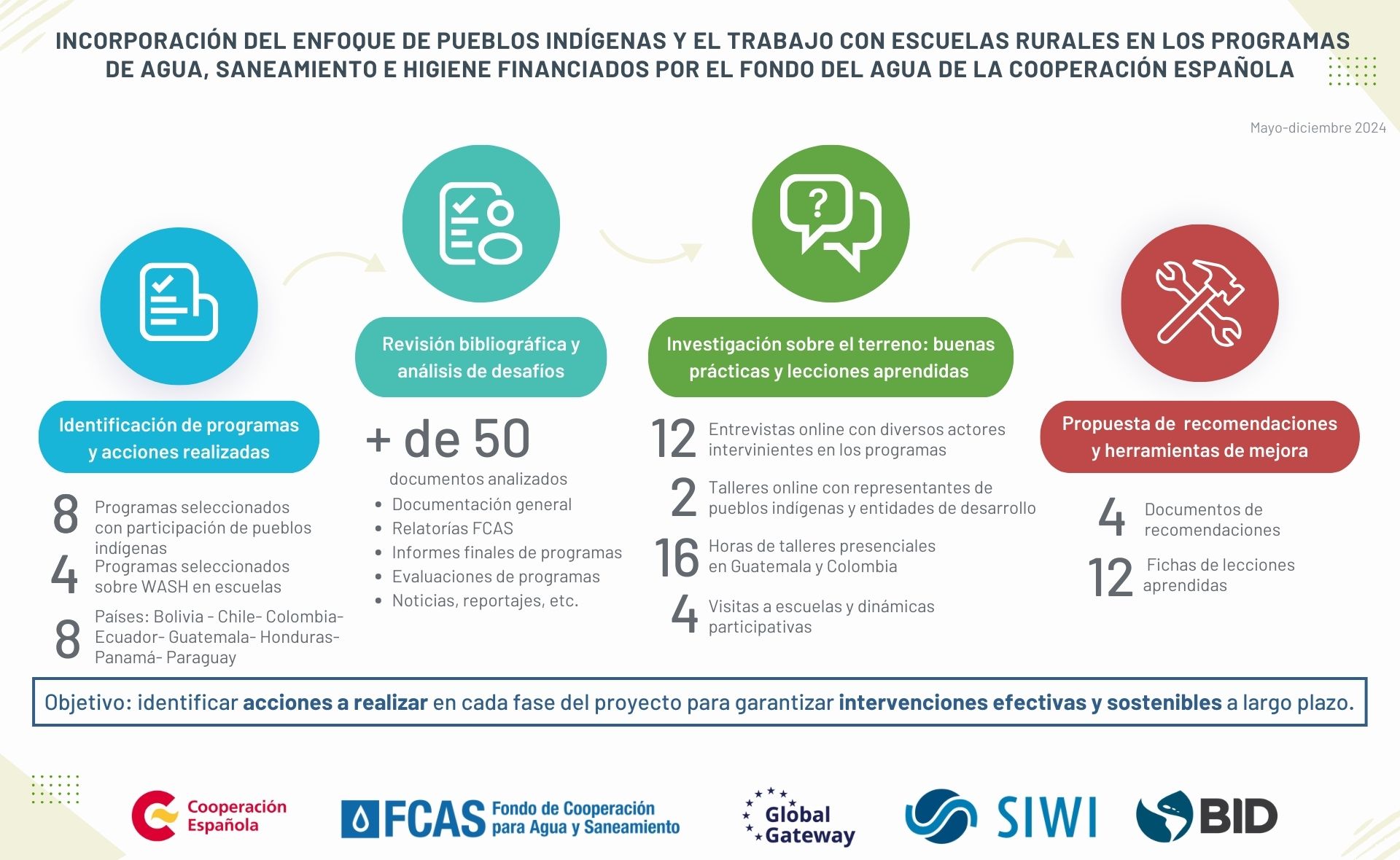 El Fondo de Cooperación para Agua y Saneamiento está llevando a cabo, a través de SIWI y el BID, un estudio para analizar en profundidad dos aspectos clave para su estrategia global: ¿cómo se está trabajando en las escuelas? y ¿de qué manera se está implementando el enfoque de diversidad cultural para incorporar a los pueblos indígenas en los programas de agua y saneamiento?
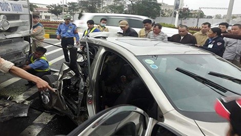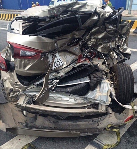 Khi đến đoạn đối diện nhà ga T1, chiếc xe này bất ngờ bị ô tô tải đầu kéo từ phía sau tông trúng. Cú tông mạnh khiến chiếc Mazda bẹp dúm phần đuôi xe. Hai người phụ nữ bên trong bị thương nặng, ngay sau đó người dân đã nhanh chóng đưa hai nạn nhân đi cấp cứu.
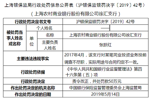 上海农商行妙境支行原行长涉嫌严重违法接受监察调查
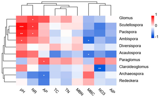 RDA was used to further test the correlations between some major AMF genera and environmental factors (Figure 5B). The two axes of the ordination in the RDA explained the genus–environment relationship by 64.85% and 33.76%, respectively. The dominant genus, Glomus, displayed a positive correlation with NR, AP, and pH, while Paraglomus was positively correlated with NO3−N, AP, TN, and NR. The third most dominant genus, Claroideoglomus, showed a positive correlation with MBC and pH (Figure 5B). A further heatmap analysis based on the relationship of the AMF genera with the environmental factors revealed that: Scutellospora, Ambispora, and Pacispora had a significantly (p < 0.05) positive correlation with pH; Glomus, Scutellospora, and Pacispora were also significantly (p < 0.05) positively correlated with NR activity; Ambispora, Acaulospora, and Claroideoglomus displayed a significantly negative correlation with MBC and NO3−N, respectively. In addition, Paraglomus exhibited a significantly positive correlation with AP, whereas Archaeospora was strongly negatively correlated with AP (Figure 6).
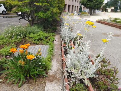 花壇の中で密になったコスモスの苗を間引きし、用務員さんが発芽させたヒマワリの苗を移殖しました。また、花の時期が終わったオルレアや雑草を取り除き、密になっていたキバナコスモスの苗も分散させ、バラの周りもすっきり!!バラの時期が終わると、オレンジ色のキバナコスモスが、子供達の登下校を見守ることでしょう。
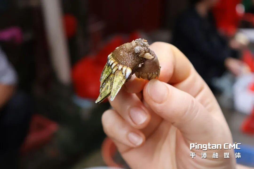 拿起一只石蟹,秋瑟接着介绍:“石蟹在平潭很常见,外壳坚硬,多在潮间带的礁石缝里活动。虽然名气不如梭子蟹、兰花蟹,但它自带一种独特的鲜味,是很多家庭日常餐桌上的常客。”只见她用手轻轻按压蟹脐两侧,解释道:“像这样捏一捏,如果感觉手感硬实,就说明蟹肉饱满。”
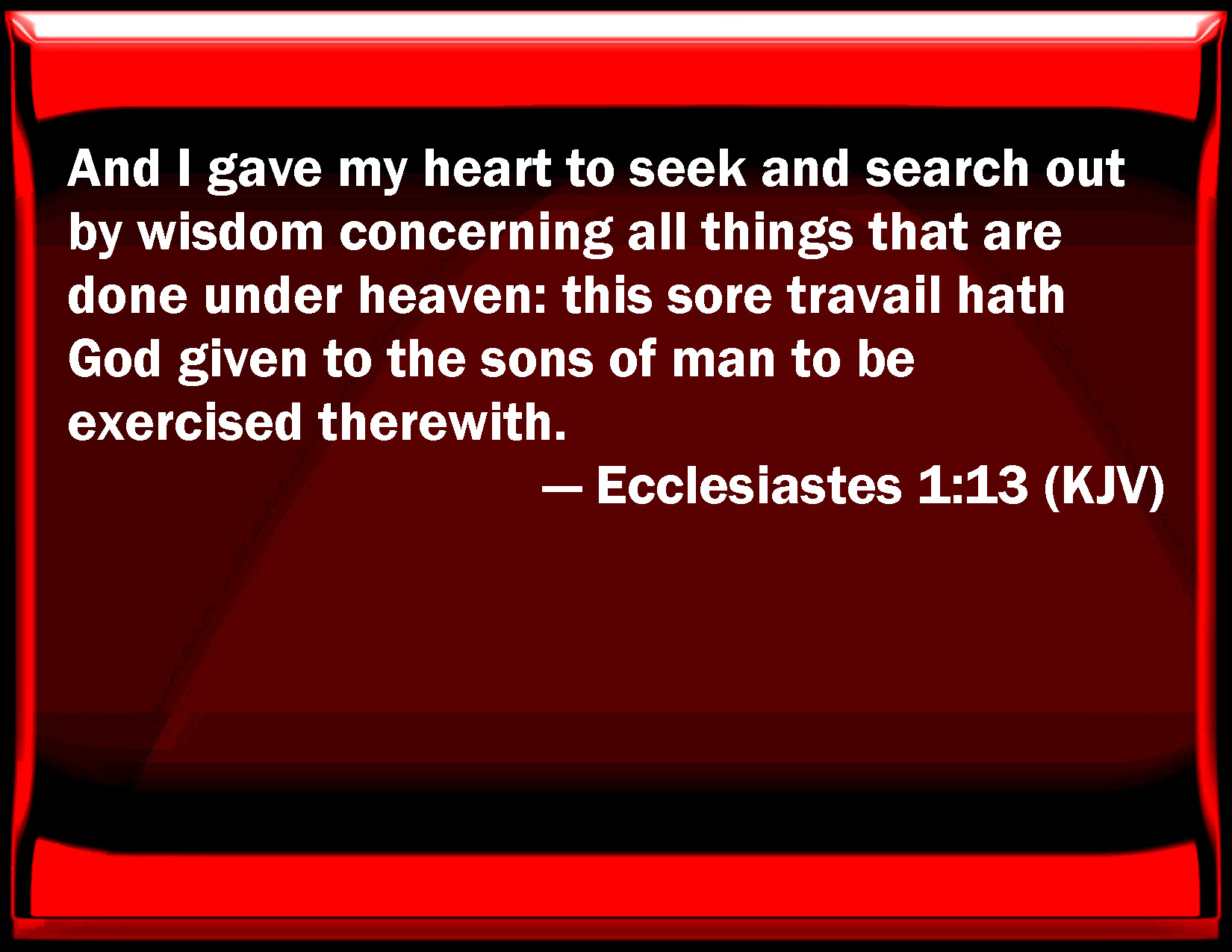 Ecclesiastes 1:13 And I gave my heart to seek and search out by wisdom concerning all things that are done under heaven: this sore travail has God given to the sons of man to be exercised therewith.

----------------

◆ **YOUR ASSIGNMENT**
Give again, word for word, the lines above from the first one through the one containing "上海农商行妙境支行原行长涉嫌严重违法接受监察调查"; no pictures.

◆ **ANSWER TO THE PROBLEM**
 El Fondo de Cooperación para Agua y Saneamiento está llevando a cabo, a través de SIWI y el BID, un estudio para analizar en profundidad dos aspectos clave para su estrategia global: ¿cómo se está trabajando en las escuelas? y ¿de qué manera se está implementando el enfoque de diversidad cultural para incorporar a los pueblos indígenas en los programas de agua y saneamiento?
 Khi đến đoạn đối diện nhà ga T1, chiếc xe này bất ngờ bị ô tô tải đầu kéo từ phía sau tông trúng. Cú tông mạnh khiến chiếc Mazda bẹp dúm phần đuôi xe. Hai người phụ nữ bên trong bị thương nặng, ngay sau đó người dân đã nhanh chóng đưa hai nạn nhân đi cấp cứu.
 上海农商行妙境支行原行长涉嫌严重违法接受监察调查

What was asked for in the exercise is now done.